TASK DESCRIPTION: Beginning with the line that contains "- Мобильность —" in the material below, print each line exactly until the line that contains "SON MÜDÂFAA, Mehmed" has been printed, then stop.

EXCERPTED DATA:
::::::::::

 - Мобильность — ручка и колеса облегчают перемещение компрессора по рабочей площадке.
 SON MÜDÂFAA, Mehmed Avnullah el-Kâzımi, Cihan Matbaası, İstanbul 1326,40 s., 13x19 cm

::::::::::

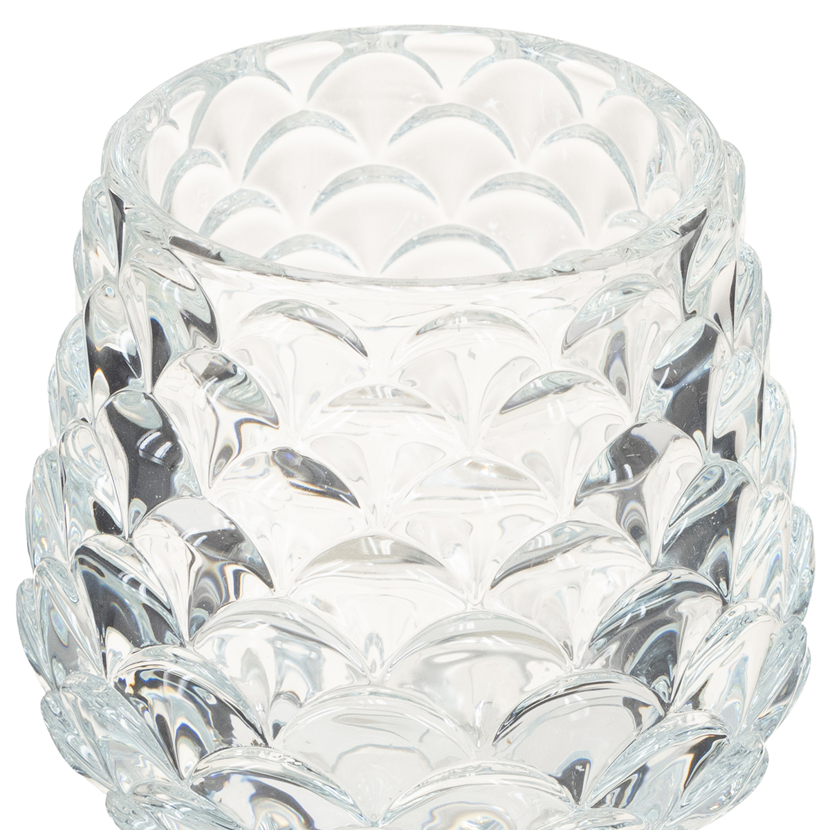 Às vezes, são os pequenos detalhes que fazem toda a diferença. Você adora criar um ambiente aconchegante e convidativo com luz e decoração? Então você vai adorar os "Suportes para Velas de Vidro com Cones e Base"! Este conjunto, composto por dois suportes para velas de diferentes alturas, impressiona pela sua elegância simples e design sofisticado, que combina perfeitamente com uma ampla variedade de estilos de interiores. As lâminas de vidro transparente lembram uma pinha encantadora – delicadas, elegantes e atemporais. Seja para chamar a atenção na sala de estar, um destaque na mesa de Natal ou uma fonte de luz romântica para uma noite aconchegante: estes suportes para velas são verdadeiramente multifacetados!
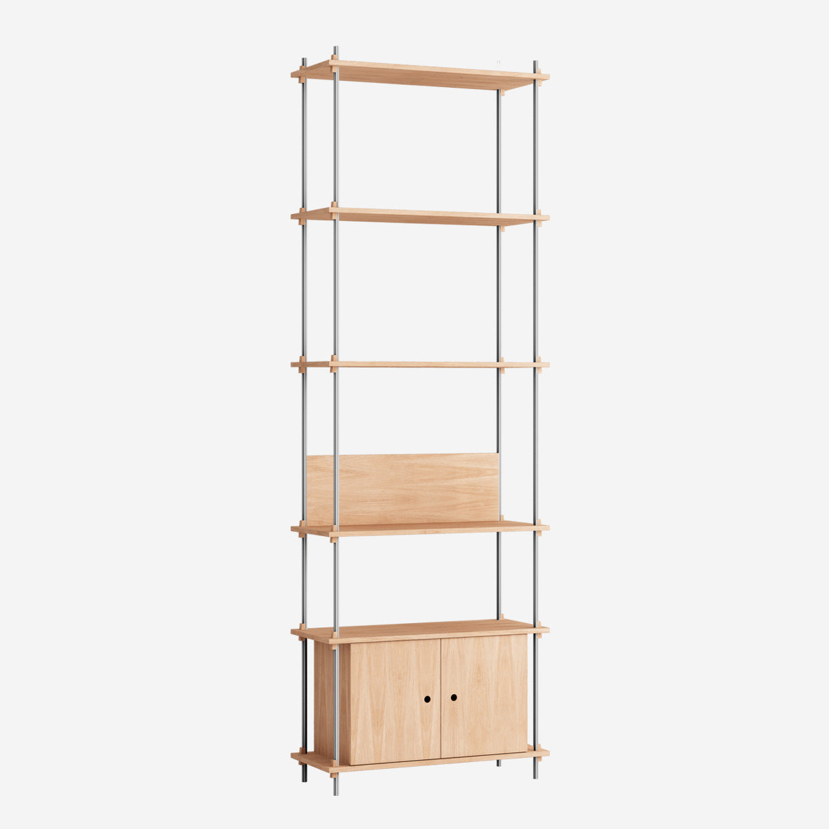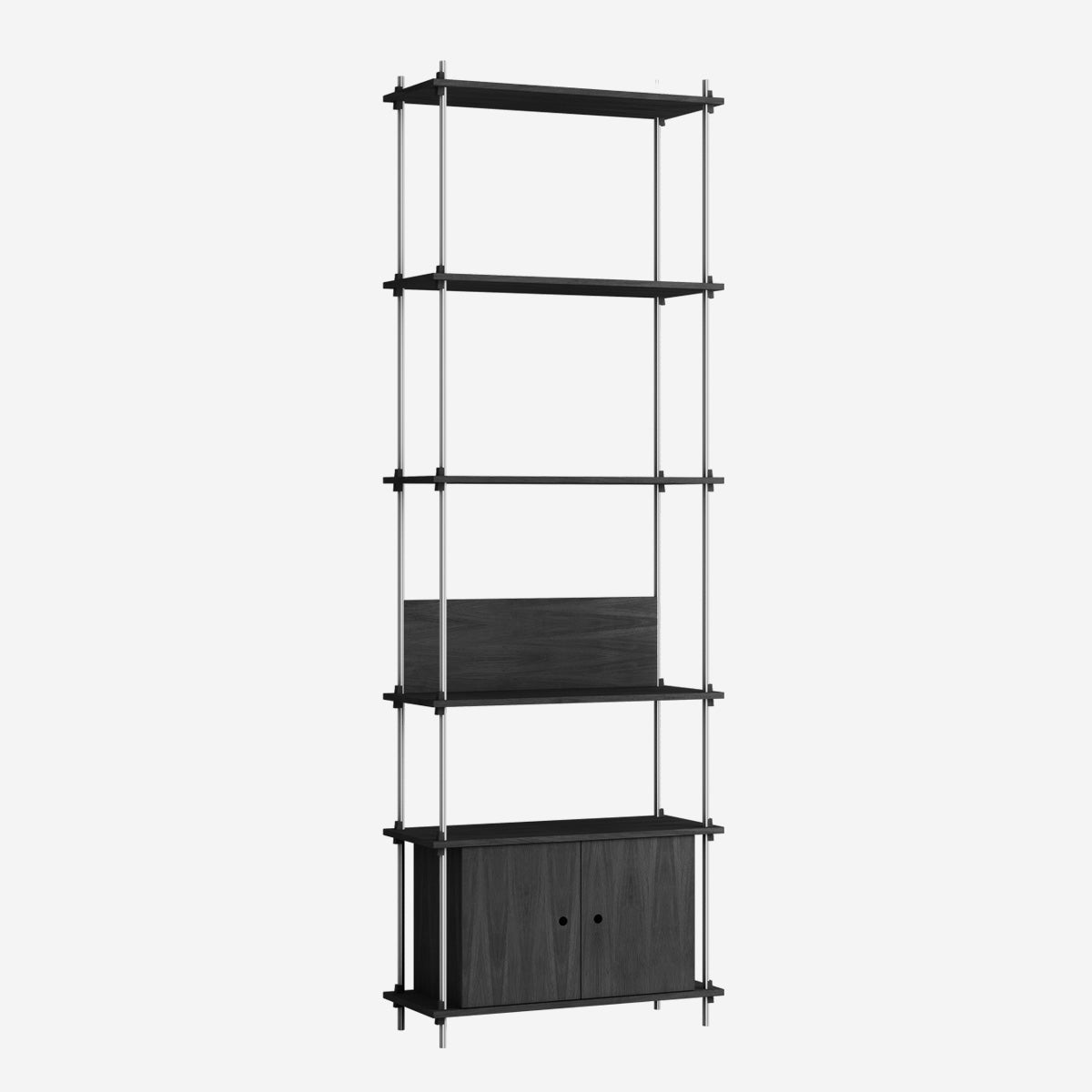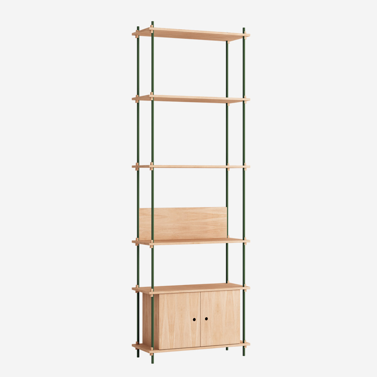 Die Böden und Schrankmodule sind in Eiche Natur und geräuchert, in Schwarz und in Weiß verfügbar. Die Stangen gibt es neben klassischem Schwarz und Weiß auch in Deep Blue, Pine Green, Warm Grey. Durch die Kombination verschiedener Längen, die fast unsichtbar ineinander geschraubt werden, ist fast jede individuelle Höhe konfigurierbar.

::::::::::

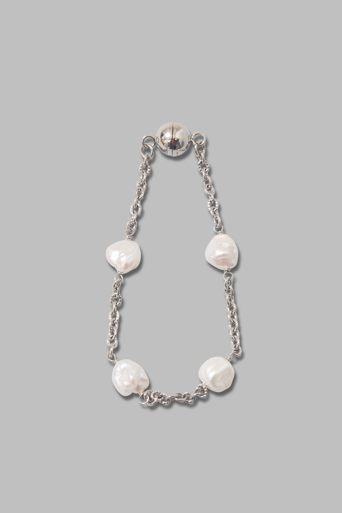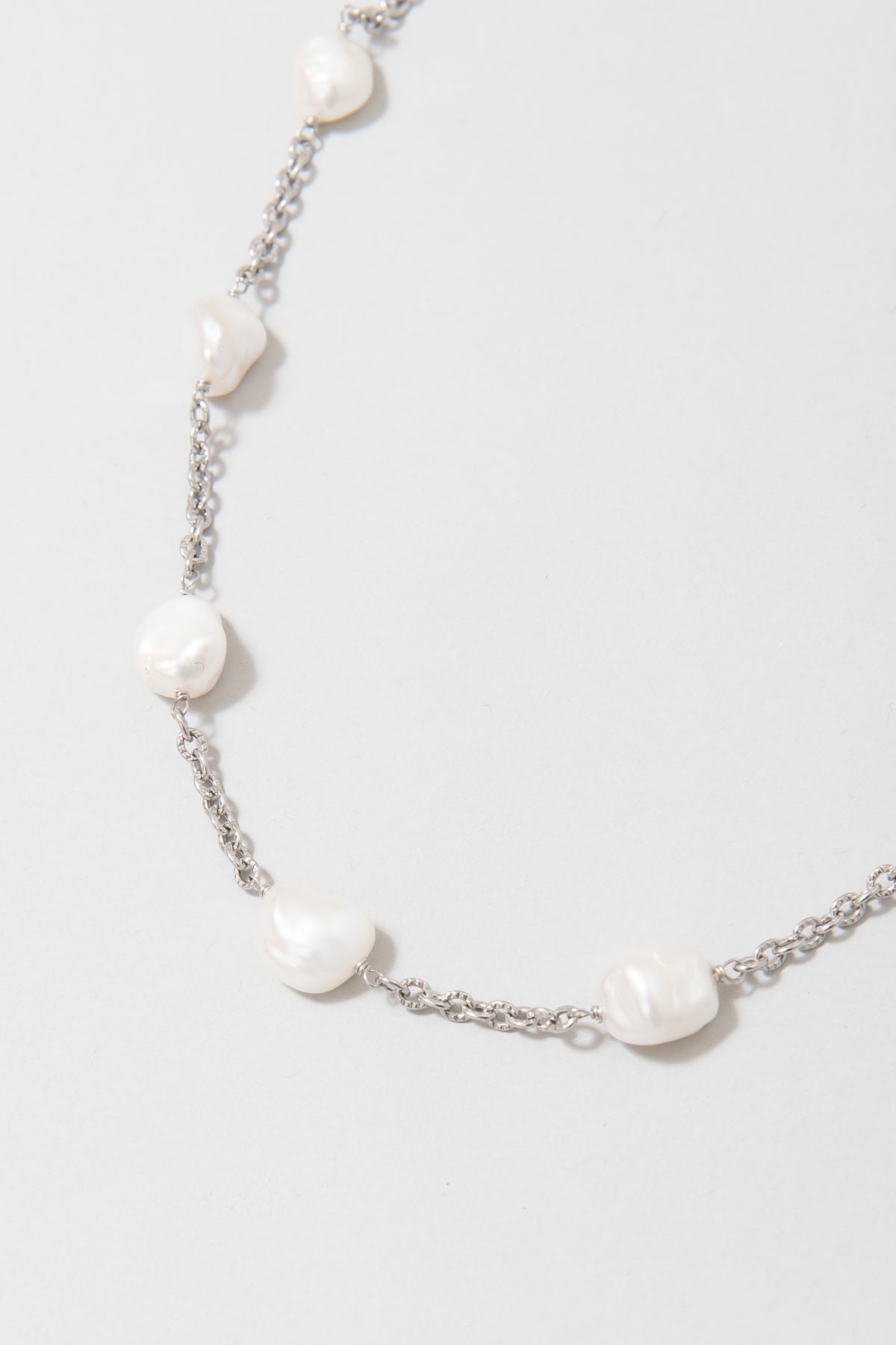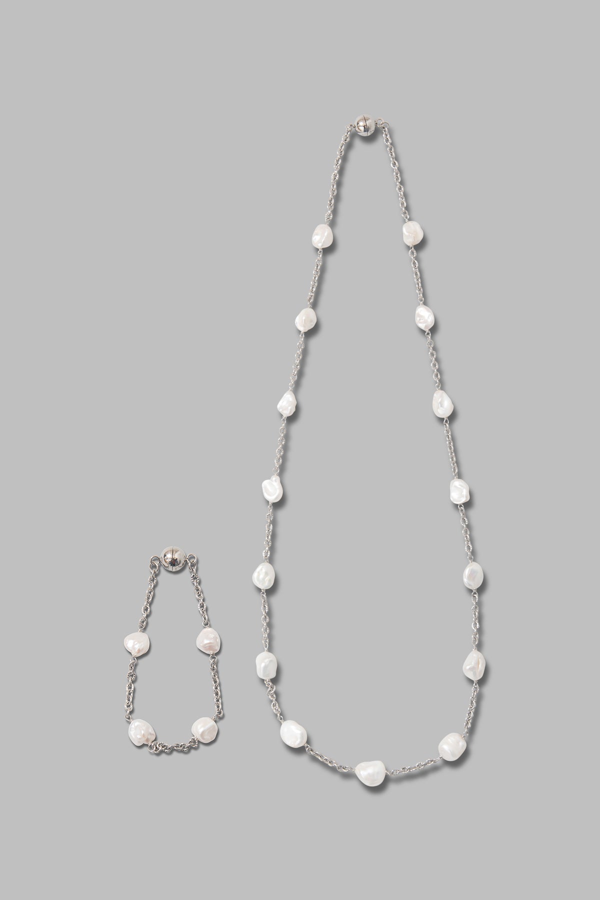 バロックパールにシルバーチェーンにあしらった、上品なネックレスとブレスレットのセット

::::::::::

RESULT OF THIS TASK:
 - Мобильность — ручка и колеса облегчают перемещение компрессора по рабочей площадке.
 SON MÜDÂFAA, Mehmed Avnullah el-Kâzımi, Cihan Matbaası, İstanbul 1326,40 s., 13x19 cm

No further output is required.